Zu schade, dachte Matson schalkhaft, daß Georg Hoffmann nicht
mehr Planeten in mehr Sternensystemen entdeckt hat, die für uns
bewohnbar wären, den vergänglichen Bedürfnissen jener
lebenden, fühlenden, verstandesbegabten, aufrechtgehenden,
biochemischen Zweibeiner entsprächen, die wir Mensehen sind.
Hunderte und aber Hunderte von Planeten, aber . . .
Statt dessen Temperaturen, die Hitzezünder schmelzen ließen. Keine Luft. Kein Erdreich. Kein Wasser.
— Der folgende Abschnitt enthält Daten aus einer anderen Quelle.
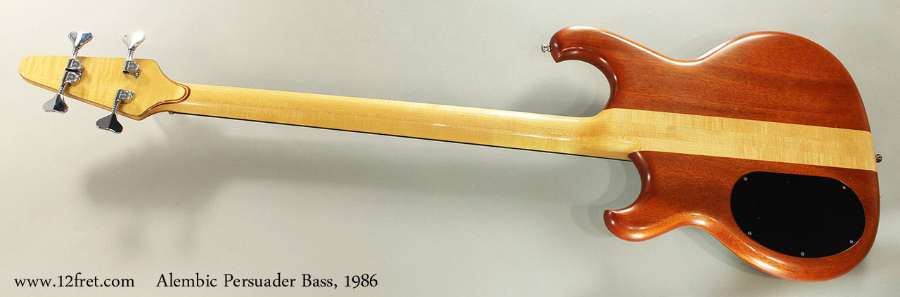 The Alembic Persuader bass was built from 1983 to 1991, and features the typical Alembic neck-through-body construction. The body is mahogany with a quilted maple top, the neck is 3-piece maple with an ebony fingerboard. The tuners are Schaller mini-body units. The rest is Alembic, with brass nut, bridge and tailpiece and an Alembic P/J2 AE-1 pickup set with volume, tone, and tone filter controls.

Von solchen Welten konnte man wirklich nicht sagen — Venus hatte
sich dafür als typisches Beispiel erwiesen - , daß es sich
dort angenehm leben ließe. In Wirklichkeit beschränkte sich
das Leben auf solchen Welten auf homöostatische Kuppeln mit
eigener Atmosphäre, eigenem Wasser und selbstregulierender
Temperatur.
Belegung pro Kuppel: vielleicht dreihundert fühlende Seelen. Eine
ziemlich geringe Zahl, wenn man bedachte, daß die Einwohnerzahl
Terras in diesem Jahr bei sieben Milliarden stand.
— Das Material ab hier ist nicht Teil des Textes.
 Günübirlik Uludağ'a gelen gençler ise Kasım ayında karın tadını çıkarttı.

»Hier«, sagte Freya, während sie sich mit gekreuzten
Beinen auf den dickflorigen Echtwollteppich neben Matson sinken
ließ. »Das Dossier über H.B.« Sie schlug es aufs
Geratewohl auf. Die Feldagenten der Lies Incorporated hatten saubere
Arbeit geleistet: hier fanden sich viele Daten, die über die von
den UN sorgfältig gehüteten Info-Medien nie die
Öffentlichkeit erreicht hatten, nicht einmal die sogenannten
>kritischen< Kommentatoren und Kolumnisten. Dem Gesetz nach
konnten sie nach Herzenslust kritisieren, den Charakter, die
Gepflogenheiten, Fähigkeiten und Rasiergewohnheiten Herrn Bertolds
. . . nur daß ihnen natürlich die grundlegenden Fakten
vorenthalten wurden.
Das galt jedoch nicht für Lies Incorporated, die Lügen-AG
— ein ironischer Spitzname angesichts der gesicherten Natur der
Daten, die jetzt vor ihrem Eigentümer lagen.
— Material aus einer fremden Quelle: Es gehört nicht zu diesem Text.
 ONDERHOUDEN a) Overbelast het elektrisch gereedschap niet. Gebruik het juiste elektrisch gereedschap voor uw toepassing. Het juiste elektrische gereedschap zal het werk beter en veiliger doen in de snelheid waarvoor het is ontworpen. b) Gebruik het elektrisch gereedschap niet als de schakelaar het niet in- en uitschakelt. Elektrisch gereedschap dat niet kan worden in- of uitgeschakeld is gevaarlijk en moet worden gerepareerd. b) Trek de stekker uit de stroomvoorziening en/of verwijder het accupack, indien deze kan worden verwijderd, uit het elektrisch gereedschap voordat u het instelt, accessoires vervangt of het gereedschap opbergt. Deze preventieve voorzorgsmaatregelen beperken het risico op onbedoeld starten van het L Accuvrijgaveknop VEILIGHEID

Es war eine herbe Lektüre. Sogar für ihn.
Horst Bertolds Geburtsjahr: 1964. Kurz vor Beginn des Welt-
raumzeitalters; wie Matson Glazer-Holliday war Horst ein
Überbleibsel der alten Welt, als noch alles, was man am Himmel
erspähte, >Fliegende Untertassen< hieß, eine falsche
Bezeichnung für eine Raketenabwehrwaffe der US Air Force, die sich
in der kurzen kriegerischen Auseinandersetzung von 1992 als unwirksam
erwiesen hatte. Horst war ins mittelständische Berlin
hineingeboren worden — West-Berlin hatte man es damals genannt,
weil — und es fiel manchmal schwer, sich daran zu erinnern -
Deutschland in jenen Tagen geteilt gewesen war . . . Eltern: seinem
Vater hatte ein Fleischmarkt gehört — sehr passend,
überlegte Matson, wenn man bedachte, daß Horsts Vater
SS-Offizier und früheres Mitglied einer Einsatzgruppe gewesen war,
die Tausende von unschuldigen Personen slawischer und jüdischer
Herkunft ermordet hatte . . . was allerdings keine negativen
Auswirkungen auf Johann Bertolds Fleischmarktgeschäft in den 60er
und 70er Jahren gehabt hatte. Und dann, 1982, im Alter von achtzehn
Jahren, war der junge Horst selbst ins Rampenlicht getreten
(unnötig zu erwähnen, daß inzwischen längst die
Verjährungsfrist seines Vaters abge- laufen war, den die
westdeutsche Gerichtsbarkeit ohnehin nie für seine Verbrechen in
den 40er Jahren verfolgt hatte und der auch erfolgreich den
israelischen Kommandoeinheiten entgan- gen war, die es 1980 aufgegeben
hatten, die ehemaligen Mas- senmörder aufzuspüren). 1982 war
Horst bereits ein Führer in der Reinholt-Jugend gewesen.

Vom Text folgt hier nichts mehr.